The Founding Fathers used a different term when referring to Our Heavenly Father.  They said, and wrote, "Divine Providence."  And, they not only were "all" believers of the One and True God, most of them were active in their churches as members of the clergy, and so forth.  Thomas Jefferson was often critical of organized religion, and tended not to be a church-goer, so often his Christianity was questioned.  He once responded to his critics in a letter to Mr. Charles Thompson, writing, "I am a REAL CHRISTIAN, that is to say, a disciple of the doctrines of Jesus..." and then he went on to explain how he thought he was more of a Christian than many of the church-goers, and even more so than many pastors, because rather than interpret the Scripture to fit his desire of who God should be to the point that their teachings were "beyond the comprehension of man," he recognized the Scripture as it was originally intended, "A more beautiful of precious morsel of ethics I have never seen."

The Declaration of Independence ends with the words, "with a firm reliance on the protection of divine Providence, we mutually pledge to each other our Lives, our Fortunes, and our sacred Honor." 

The Constitutional Convention in 1787 began each session, thanks to the calling to do so by Benjamin Franklin (another person who often faced doubts by other people regarding his Faith), with a prayer to the one and only God of Abraham.  Today's tradition of praying before each session of Congress was inspired by that practice over two hundred years ago, and today we also still maintain the motto, "In God We Trust."

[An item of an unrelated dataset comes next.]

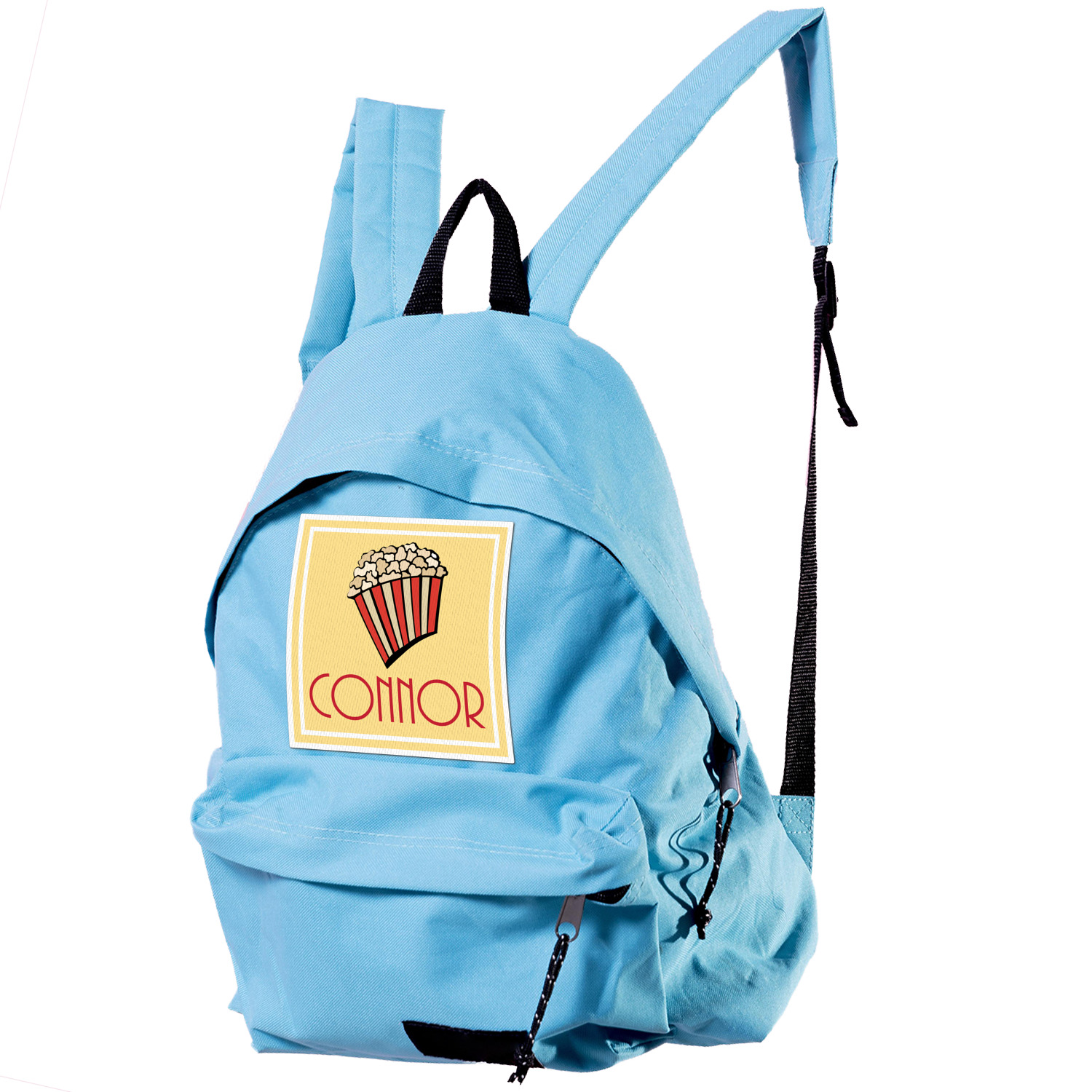 This fun design features a black background with movie reels repeating. On top there is a bright red ribbon with a soft yellow frame. In the frame there is a fun popcorn graphic with your personalization underneath. The yellow and red give the perfect contrast against the dark black. The font even gives you a classic movie feel.
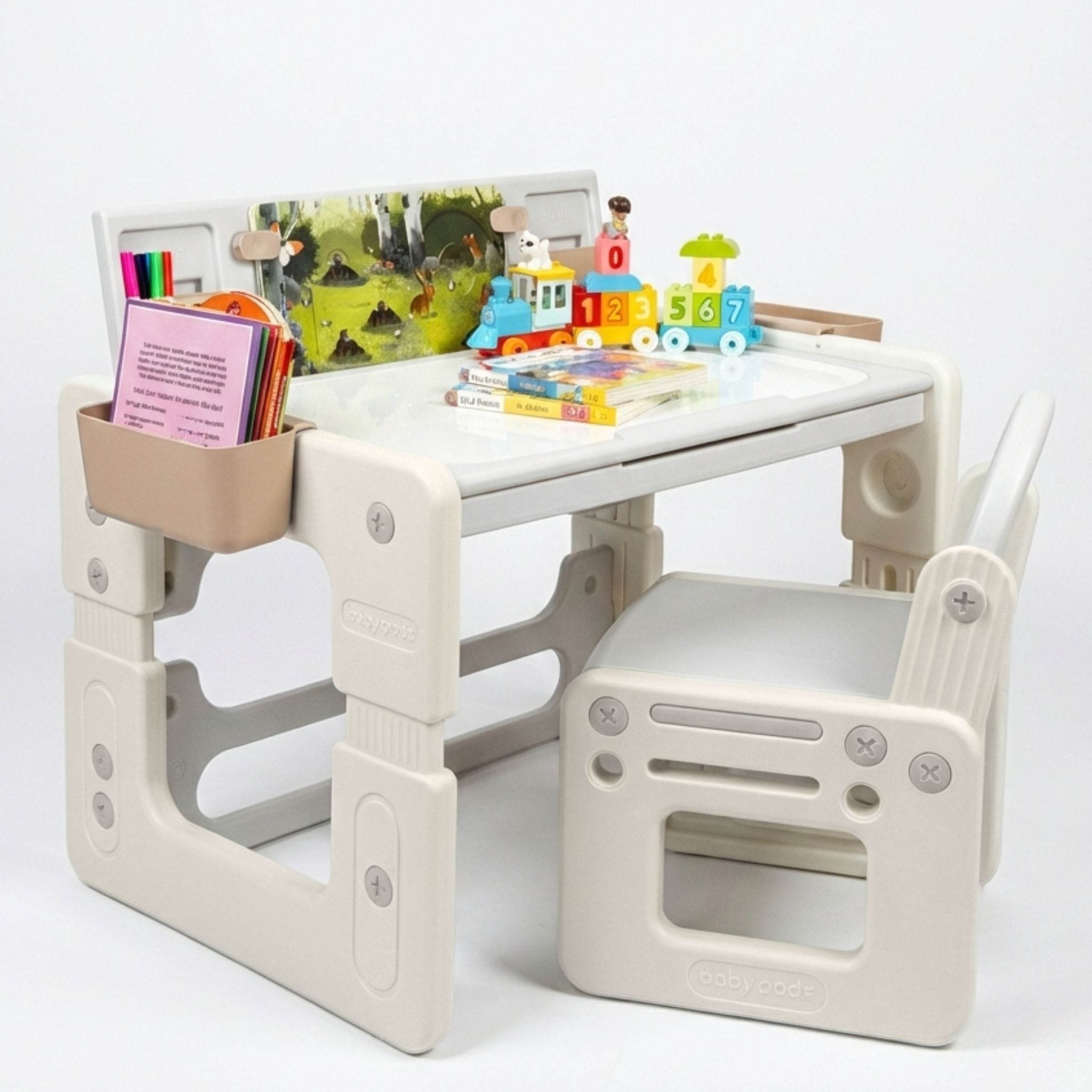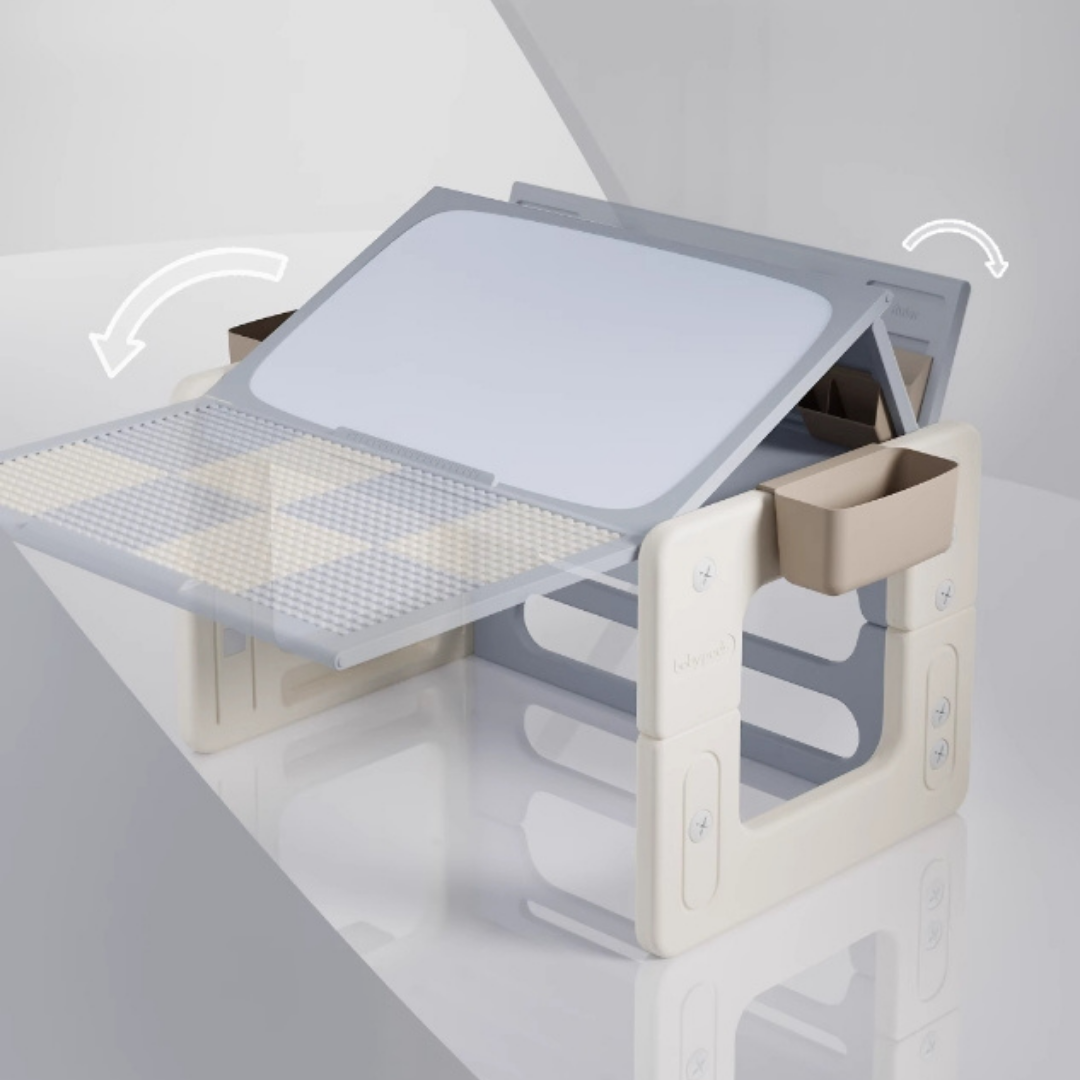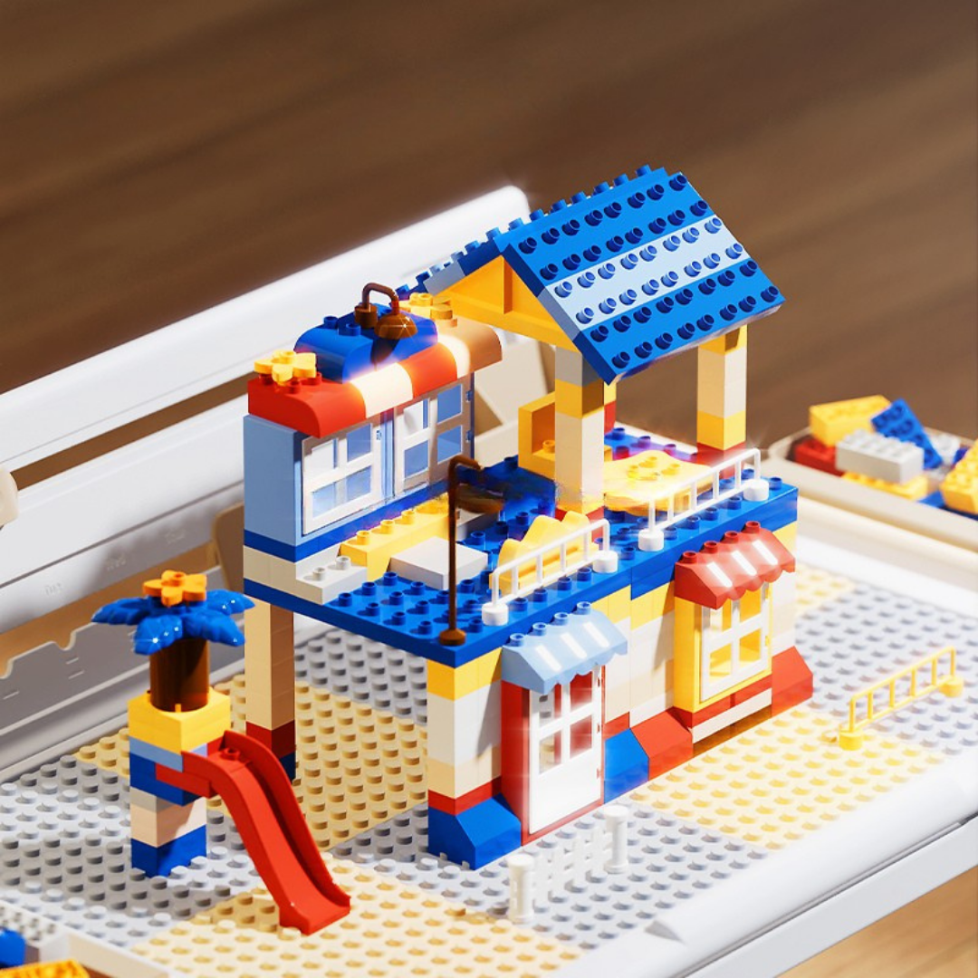 Dołączony do zestawu blat został zaprojektowany z myślą o wszechstronności. Twoje dziecko może na nim rysować, malować, budować z klocków. Każda aktywność ma swoje miejsce:

The goals of the liberal left progressive Marxists have always been to silence religion, and to attack head-on God's creations (family unit, individualism, our Natural Rights, etc.).  That is what set the French Revolution apart from the American Revolution.  The American Revolution was reliant upon the protection of Divine Providence so as to establish a society that is individual-centric.  The French Revolution was determined to bring about a secular society founded upon collectivism.  The former led to the birth of the greatest and most successful society and culture in world history, while the latter failed to change anything, and after all of the bloodshed and chaos led to an oligarchy led by the revolutionaries, and then was followed by the rule of a line of brutal dictators.

In 2012 the Democrats voted God off their platform, only returning him to it after public criticism and despite a voice vote that clearly voted to keep God off.  During the coronavirus COVID-19 "pandemic", Democrat Party leaders in various Stateshave outlawed church services in the name of protecting everyone from a mild virus.

This is where their "anti-science" argument against the Republican Party, Trump and his supporters, and conservatives in general comes from.  They are convinced that since you believe in God, that makes you anti-science.  You reject evolution because you believe in creation, you stand against climate change because you believe it is in God's hands (and a natural phenomenon that man has no control over), and now you reject their science regarding the coronavirus scare (even though, as with evolution and climate change, their models are either wrong, or manipulated).

In the end, what they are searching for is a singularity where their humanism, evolution (be it natural, or forced into place through technology), and the ascension of humanity's greatness exceeds that of God.  Government, and the ruling elite, must become God, and as long as you believe in a Magical Sky Wizard, you have faith in God rather than the goodness and loving intentions of an authoritarian system of ruling elitist monsters.

I will take a loving God who was willing to take human form to be sacrificed on a Cross on Calvary so as to pay the price for all of our sins so that we may be able to have a relationship with God and ultimately enjoy eternal life with him, rather than purveyors of an ancient evil, if you ask me.